WHAT THIS TASK INVOLVES: Each record that follows is to be transcribed exactly, excluding its images.

Entries taken from a collection
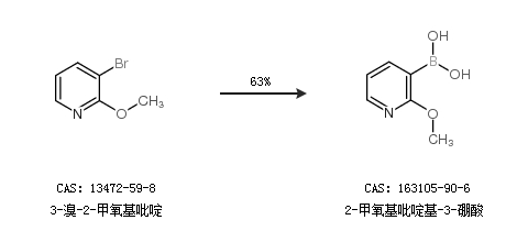 2.通過3-溴-2-甲氧基吡啶合成2-甲氧基吡啶基-3-硼酸,收率約63%;
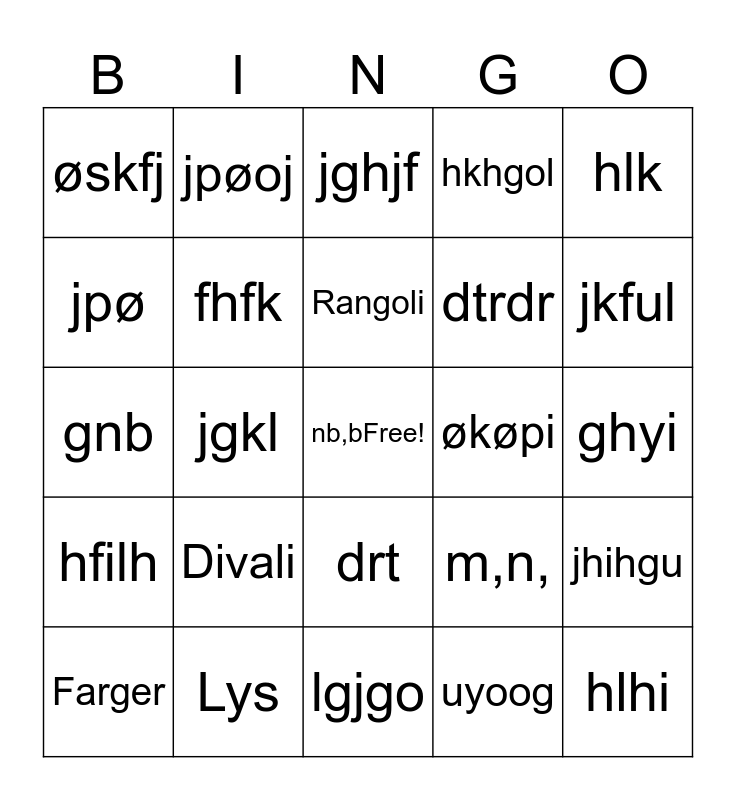 This bingo card has a free space and 24 words: Divali, Lys, Rangoli, Farger, hlk, øskfj, jpø, jpøoj, økøpi, drt, dtrdr, gnb, m,n,, jhihgu, fhfk, uyoog, ghyi, jghjf, jkful, jgkl, hlhi, hfilh, hkhgol and lgjgo.
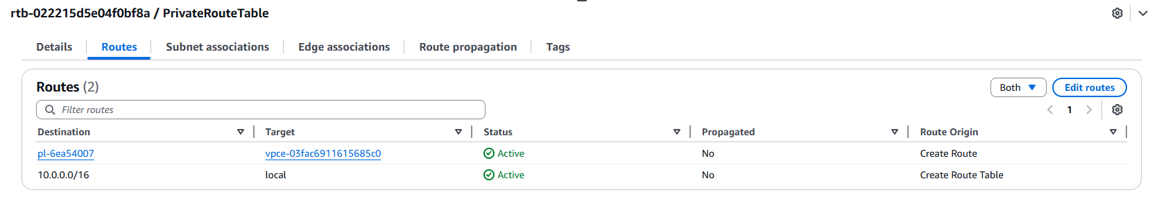 For our private route table, we leave the routes internal for now:
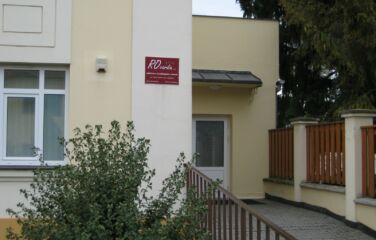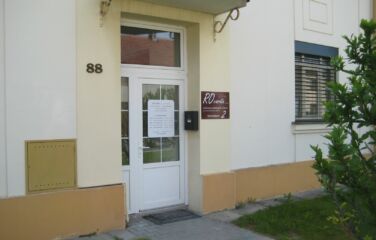 Vchod z ulice Prostějovská: ambulance 1 v pravé části budovy, ambulance 2 ve středu budovy
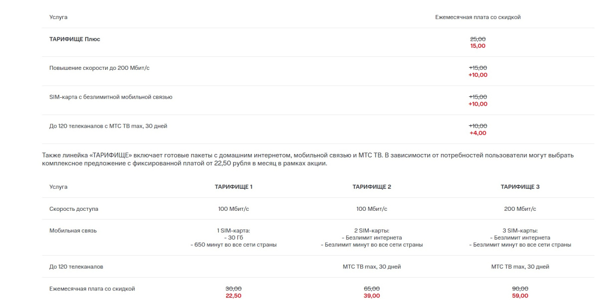 Так, домашний интернет до 100 Мбит/с обойдется в 15 рублей в месяц, а до 200 Мбит/с — в 25 рублей. МТС ТВ будет доступен всего за 4 рубля, а безлимитная мобильная связь — в 10 рублей за каждый подключенный номер.
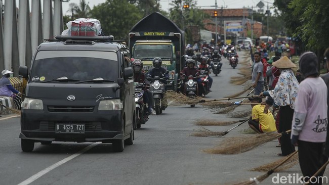 Indramayu - Warga di sekitar Jembatan Sewo, Indramayu, memiliki tradisi saat momentum mudik lebaran. Mereka kan menyapu koin-koin yang dilempar oleh pemudik yang melintas.

ANSWER TO THIS PROBLEM:
 2.通過3-溴-2-甲氧基吡啶合成2-甲氧基吡啶基-3-硼酸,收率約63%;
 This bingo card has a free space and 24 words: Divali, Lys, Rangoli, Farger, hlk, øskfj, jpø, jpøoj, økøpi, drt, dtrdr, gnb, m,n,, jhihgu, fhfk, uyoog, ghyi, jghjf, jkful, jgkl, hlhi, hfilh, hkhgol and lgjgo.
 For our private route table, we leave the routes internal for now:
 Vchod z ulice Prostějovská: ambulance 1 v pravé části budovy, ambulance 2 ve středu budovy
 Так, домашний интернет до 100 Мбит/с обойдется в 15 рублей в месяц, а до 200 Мбит/с — в 25 рублей. МТС ТВ будет доступен всего за 4 рубля, а безлимитная мобильная связь — в 10 рублей за каждый подключенный номер.
 Indramayu - Warga di sekitar Jembatan Sewo, Indramayu, memiliki tradisi saat momentum mudik lebaran. Mereka kan menyapu koin-koin yang dilempar oleh pemudik yang melintas.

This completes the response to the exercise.